* **WORK ORDER**: Copy the records below exactly, leaving out any pictures.

-- RECORDS follows --

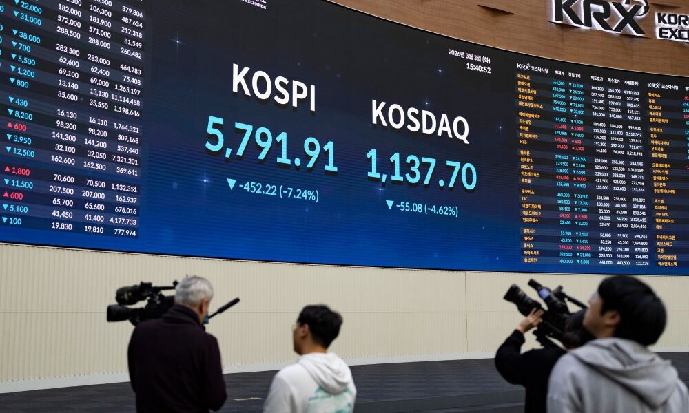Monday’s plunge adds to a steep slide in Asia’s markets since Trump’s Iran strikes. The KOSPI is down by over 16% since the Iran war began. Japan’s Nikkei 225 and Australia’s ASX 200 are down by around 10% and 6% respectively over the same period.
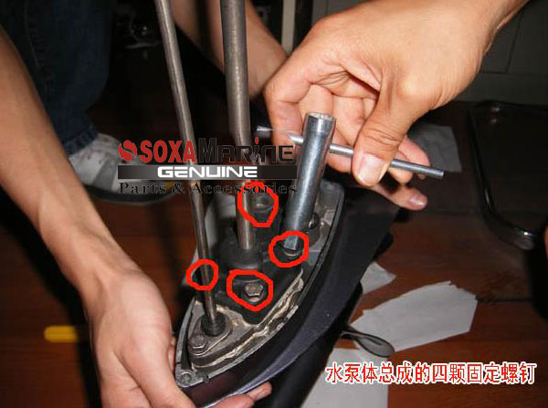 接下來,松開水泵體總成上的4顆固定螺絲。
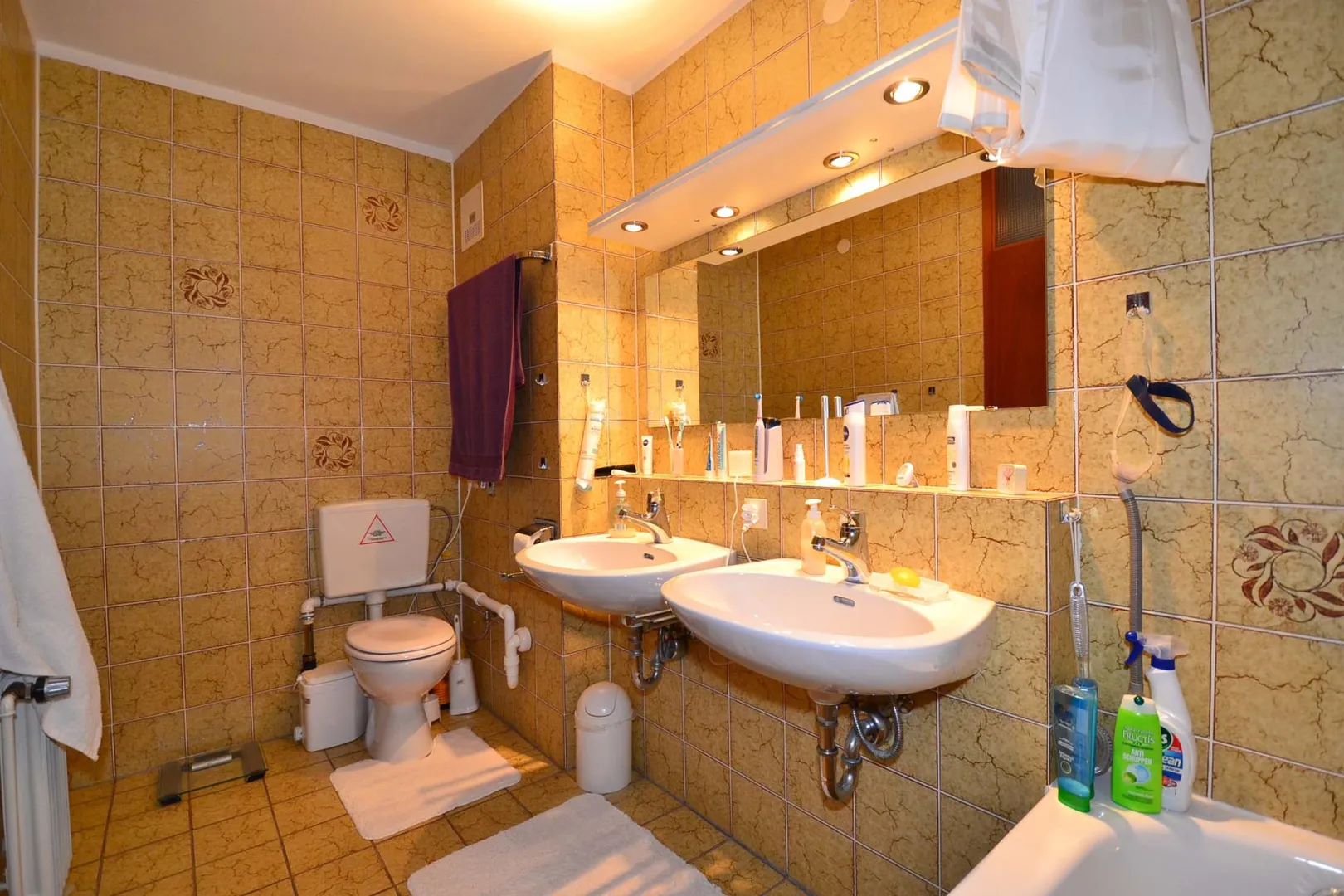 Das Badezimmer ist raumhoch gefliest und mit Badewanne, WC, 2 Waschbecken, großem Spiegel inkl. Beleuchtung und elektrischer Lüftung ausgestattet.
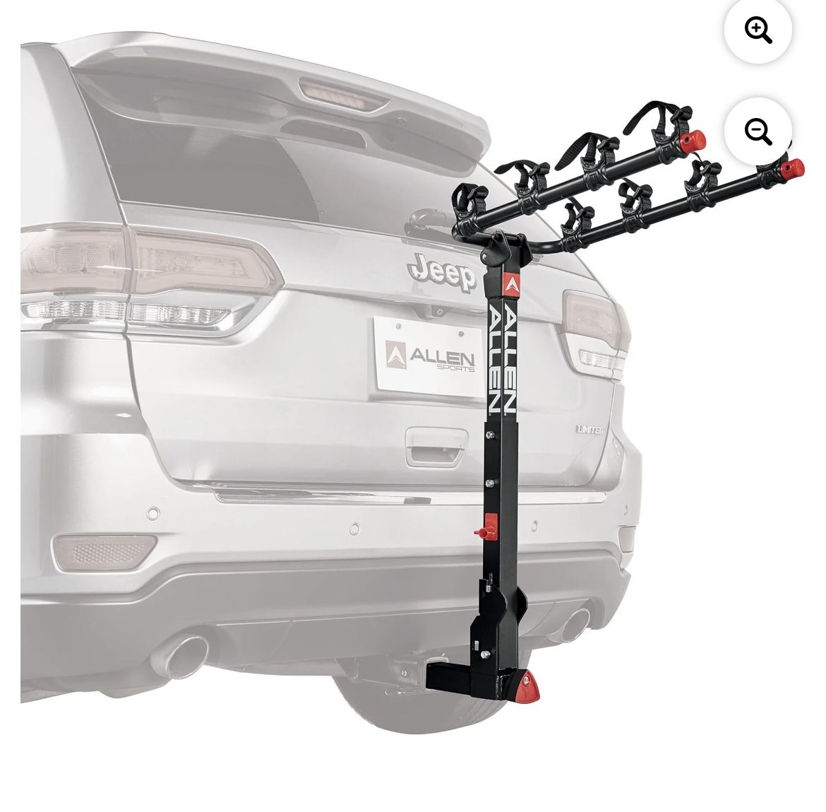 Allen Sports Deluxe+ 4-Bike Hitch Rack Carrier fits 2 in Receiver Hitch Brand New/Open Box - Guarantee all Pieces are Included Pick up in Rolling Meadows, Waukegan, Park Ridge or Norridge • 140 LB capacity (35 LB per bike). Never use on trailers • Internal tilt-away release allows for easy lift gate access • Accommodates a wide range of bicycle frame designs • Quick set carry arms snap into place and fold out of the way when not in use • Patented tie-down cradles & quick-set straps individually secure and protect bicycles • Quick install locking hitch insert fits 2 in. receiver hitches; includes 2 keys
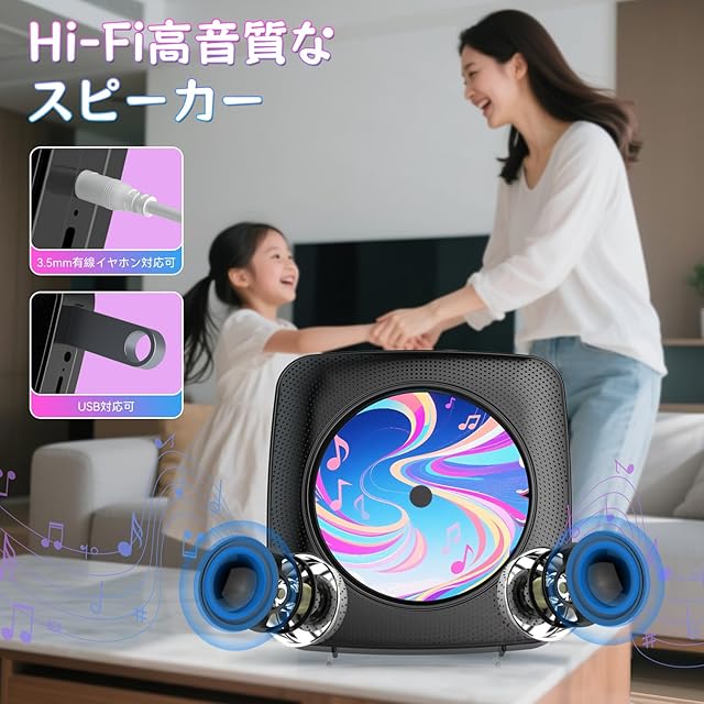 【FMラジオ&USB給電式:】FMラジオ機能(受信周波数:76~108MHz)は日本のFMラジオ周波数76~90MHzにも対応済なので、実用的な防災ラジオとしても使えます。また、USB給電式なので、付属するUSBケーブルで、5V/2AのUSBアダプターに接続して使用できます。リビングルームや寝室、パーティーなどの場合にも自由に音楽を楽しめます。ご注意:必ず5V/2AのUSBアダプターをご使用ください。5V/1A充電器を使用すると、ディスクの詰まりや読み込み不良が発生する場合があります。
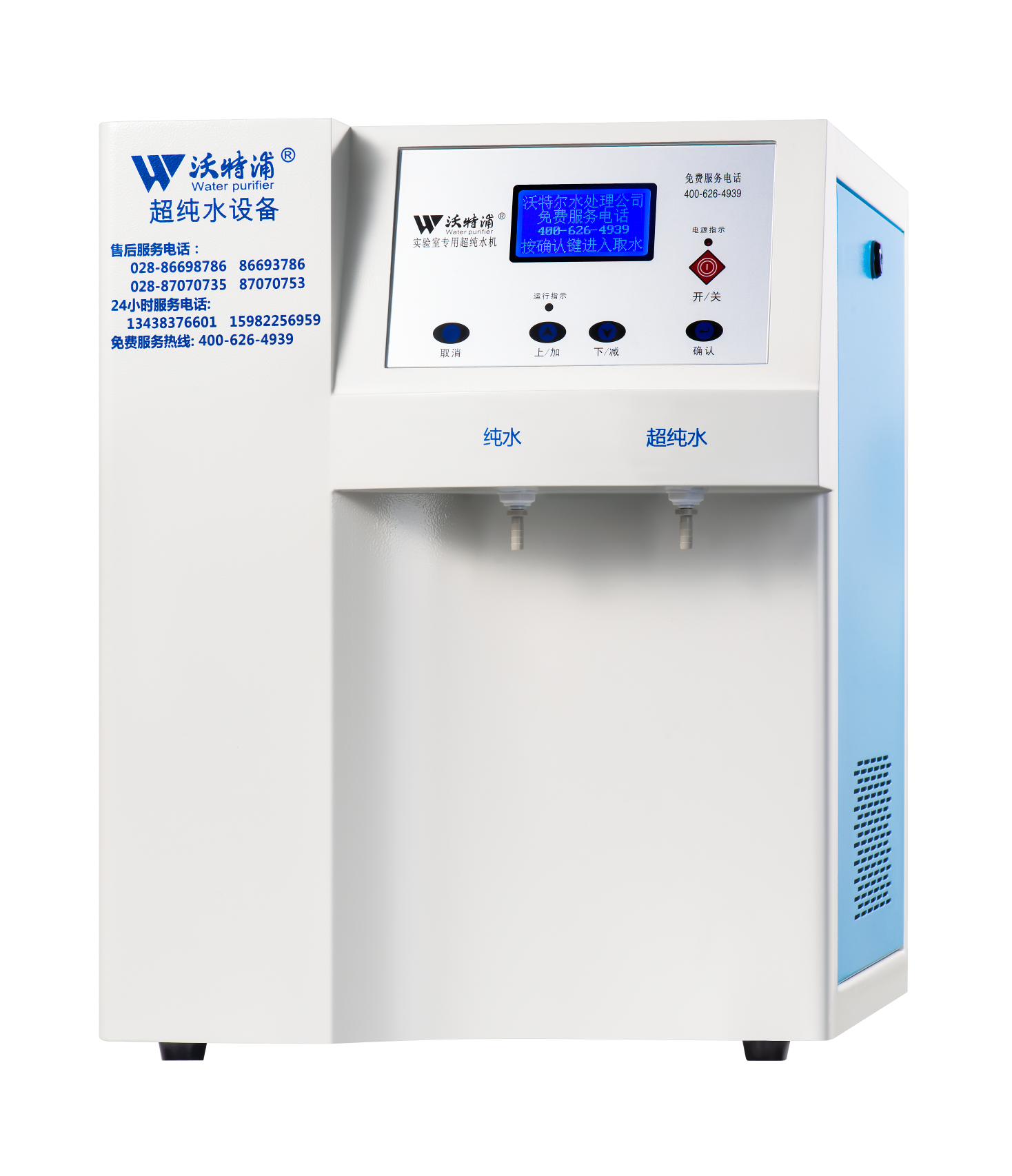 耗材管理:耗材失效真人語音報警及更換提示,耗材失值可據實際需要在1-18.25MΩ.cm間設;耗材更換自動識別,便于更好地管理設備。
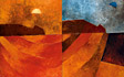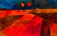 “The subject matter is chosen to allow possibility of using colour, “ Padamsee says”,but there must be something uncanny there. Unless it is a disquieting,uncanny landscape I would reject it,” This preoccupation with “disquieting feeling” links various phases of Padamsee’s landscape painting, though at first sight they appear to vary greatly in the formal means used. For instance, the sun and moon flood the cityscapes of the Horizon paintings with an unearthly light. This gives the paintings a quality of an hallucination, despite what appears to be the reassuring warmth of sumptuous colour. Both in these landscapes and the “sun and moon metascapes”, painted in the ‘seventies, the colours are offset by blues that are electrifying as well as suffused with darkness. “ Blue is not only the colour of the sky,” Padamsee says, “ but can be make to project itself forward, contrary to its receding nature and possesses a psychological dimension, to evoke in the viewer a special feeling or mood. A tension between colour and colour creates planar movement, absence of the complementary creates expectation leading the mind into a quest of the imagination.”
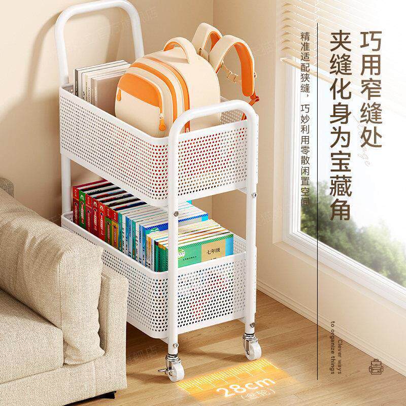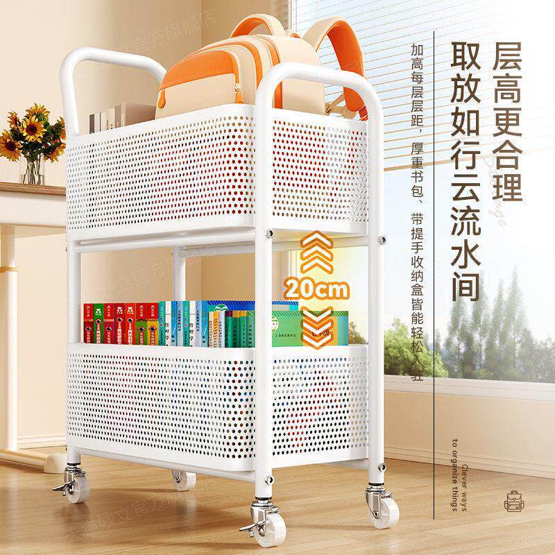 📚 碳钢书包置物架可移动小推车书本收纳架神器家用桌下放书包滑轮柜
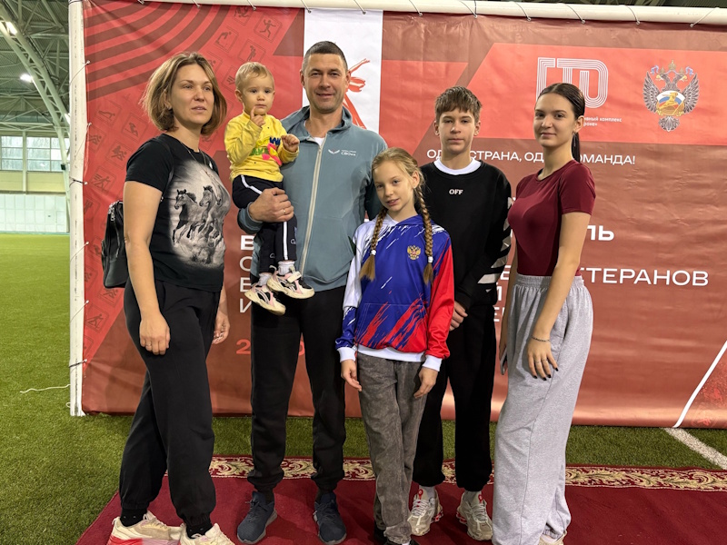 Многодетная семья Ледяйкиных прибыла в полном составе: папа Михаил, мама Алина, дети Маргарита, Прохор, Василиса и маленькая Таисия. Ребята они спортивные, часто вместе делают утреннюю зарядку. Кроме того, Маргарита – кандидат в мастера спорта по художественной гимнастике, а Прохор занимается ВМХ-гонками, имеет юношеский разряд. А папа у них настоящий герой. Михаил – ветеран специальной военной операции, участник региональной программы «Герои среди СВОих», так что у детей есть с кого брать пример.
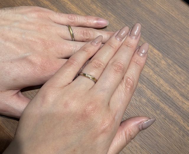 指輪の受け取りまですごく楽しみで過ごしており、新郎も毎日肌身離さずつけると喜んでおりました。

-- RECORDS concluded --

* **REPLY**:
Monday’s plunge adds to a steep slide in Asia’s markets since Trump’s Iran strikes. The KOSPI is down by over 16% since the Iran war began. Japan’s Nikkei 225 and Australia’s ASX 200 are down by around 10% and 6% respectively over the same period.
 接下來,松開水泵體總成上的4顆固定螺絲。
 Das Badezimmer ist raumhoch gefliest und mit Badewanne, WC, 2 Waschbecken, großem Spiegel inkl. Beleuchtung und elektrischer Lüftung ausgestattet.
 Allen Sports Deluxe+ 4-Bike Hitch Rack Carrier fits 2 in Receiver Hitch Brand New/Open Box - Guarantee all Pieces are Included Pick up in Rolling Meadows, Waukegan, Park Ridge or Norridge • 140 LB capacity (35 LB per bike). Never use on trailers • Internal tilt-away release allows for easy lift gate access • Accommodates a wide range of bicycle frame designs • Quick set carry arms snap into place and fold out of the way when not in use • Patented tie-down cradles & quick-set straps individually secure and protect bicycles • Quick install locking hitch insert fits 2 in. receiver hitches; includes 2 keys
 【FMラジオ&USB給電式:】FMラジオ機能(受信周波数:76~108MHz)は日本のFMラジオ周波数76~90MHzにも対応済なので、実用的な防災ラジオとしても使えます。また、USB給電式なので、付属するUSBケーブルで、5V/2AのUSBアダプターに接続して使用できます。リビングルームや寝室、パーティーなどの場合にも自由に音楽を楽しめます。ご注意:必ず5V/2AのUSBアダプターをご使用ください。5V/1A充電器を使用すると、ディスクの詰まりや読み込み不良が発生する場合があります。
 耗材管理:耗材失效真人語音報警及更換提示,耗材失值可據實際需要在1-18.25MΩ.cm間設;耗材更換自動識別,便于更好地管理設備。
 “The subject matter is chosen to allow possibility of using colour, “ Padamsee says”,but there must be something uncanny there. Unless it is a disquieting,uncanny landscape I would reject it,” This preoccupation with “disquieting feeling” links various phases of Padamsee’s landscape painting, though at first sight they appear to vary greatly in the formal means used. For instance, the sun and moon flood the cityscapes of the Horizon paintings with an unearthly light. This gives the paintings a quality of an hallucination, despite what appears to be the reassuring warmth of sumptuous colour. Both in these landscapes and the “sun and moon metascapes”, painted in the ‘seventies, the colours are offset by blues that are electrifying as well as suffused with darkness. “ Blue is not only the colour of the sky,” Padamsee says, “ but can be make to project itself forward, contrary to its receding nature and possesses a psychological dimension, to evoke in the viewer a special feeling or mood. A tension between colour and colour creates planar movement, absence of the complementary creates expectation leading the mind into a quest of the imagination.”
 📚 碳钢书包置物架可移动小推车书本收纳架神器家用桌下放书包滑轮柜
 Многодетная семья Ледяйкиных прибыла в полном составе: папа Михаил, мама Алина, дети Маргарита, Прохор, Василиса и маленькая Таисия. Ребята они спортивные, часто вместе делают утреннюю зарядку. Кроме того, Маргарита – кандидат в мастера спорта по художественной гимнастике, а Прохор занимается ВМХ-гонками, имеет юношеский разряд. А папа у них настоящий герой. Михаил – ветеран специальной военной операции, участник региональной программы «Герои среди СВОих», так что у детей есть с кого брать пример.
 指輪の受け取りまですごく楽しみで過ごしており、新郎も毎日肌身離さずつけると喜んでおりました。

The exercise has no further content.